Pensions  

KPMG to reinstate pension after divorce legal blunder

KPMG to reinstate pension after divorce legal blunder

Administrator KPMG has been ordered to reinstate a pension worth £32,173 after it was wrongfully transferred in a divorce.

In a decision out in November the Pension Ombudsman upheld the complaint brought by a man dubbed Mr A, who claimed unclear wording in a court sentence had meant his pension was unduly transferred to his ex wife.

The complaint concerns the transfer of half of the man's defined contribution (DC) pot, worth £32,173, which was moved alongside an equal percentage of his defined benefit (DB) pension, worth £147,052, both within the Rettig UK Pension Scheme.

While Standard Life administered the scheme, KPMG managed the DB plan and was in charge of the transfers.

According to a pension sharing order on divorce issued in 2013, 54 per cent the husband’s pension with Rettig should be transferred to his wife.

The reference number referred to the DC section of the scheme, and in January 2014 KPMG asked Mrs A's lawyer to confirm whether the pension sharing order was to apply to both the DB and DC pensions.

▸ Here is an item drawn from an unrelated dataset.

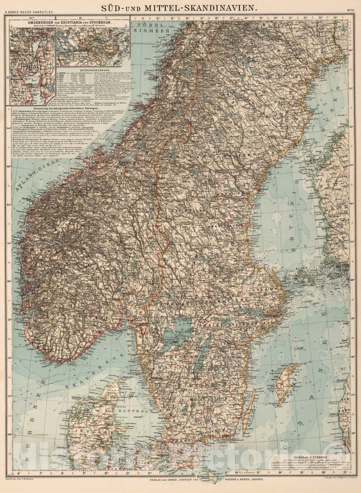 Sud - und Mittel - Skandinavien. Bearbeitet von C. Erdmann. Lithogr. von K. Kuhne & O. Irrgang. Verlag der Georg. Anstalt von Wagner & Debes, Leipzig. (to accompany) Neuer Handatlas uber alle Teile der Erde.1899. 31. (insets) Umgebung von Kristiania und Stockholm. | Neuer Handatlas uber alle Teile der Erde. In 61 Haupt- und 124 Nebenkarten mit alphabetischen Namenverzeichnis. Herausgegeben von E. Debes. Zweite vermehrte un verbesserte Auflage. Leipzig, H. Wagner & E. Debes, 1899. | Second and revised edition of E. Debes' Neuer Hand Atlas, published in 1899, reflects the latest available data of physical and topographical geography available. It contains 61 double page maps, table of contents and an alphabetical index at the end of atlas. The principal alterations and additions to this atlas are a new physical map of Europe, showing the elevations of the land and depths of the sea, and a map of the Mediterranean sea and the surrounding countries, on which all steamer routes, railways, and telegraph lines are laid down, with three insets illustrating meteorology and botany of the Mediterranean basin. The maps which appeared in the 1st edition in 1895, have been corrected and brought up to date, and the indexes which followed each map have been superseded by a general index at the end of the atlas. Bound in half leather, dark blue hard cover, large gold embossing decoration and title " E. Debes' Neuer handatlas".

Mrs A’s lawyer – who in the meantime has ceased trading – replied in February that year that the court order applied to the whole of the pension holding.

This led KPMG to transfer 54 per cent of Mr A’s DB pension and DC pot to Mrs A’s pension plan in May 2014.

But MR A never received a notice of discharge of liability from KPMG because he had changed addresses, which he had reported to one of the trustees of the scheme.

After concerns raised by Mr A and his new lawyer about the legitimacy of transferring half of both pension plans and not just the one referenced in the sharing order, KPMG explained there was no specific reference number for the DB section, and it was not uncommon for advisers to quote the Standard Life reference number when identifying individual scheme members.

It also argued the document did not state that only one of the pension pots should be transferred and said the letter from Mrs A's lawyer had confirmed the whole pension should be shared.

Mr A applied to the family court to enforce the 2013 consent order against Mrs A and recover the DC transfer.

The judge - who had also ruled the previous decision – made it clear there had been no intention for Mr A to share the Standard Life DC account. 

But in January 2018 Mrs A declined to give the money back, saying she was not at fault and had relied on the professionals involved.

Pension Ombudsman Anthony Arter upheld Mr A’s complaint, saying after having doubts about the pension sharing order, KPMG did not take legal advice from its own lawyer as it should have done.

Alternatively, KPMG should have referred the matter back to the trustees to consider, Mr Arter said.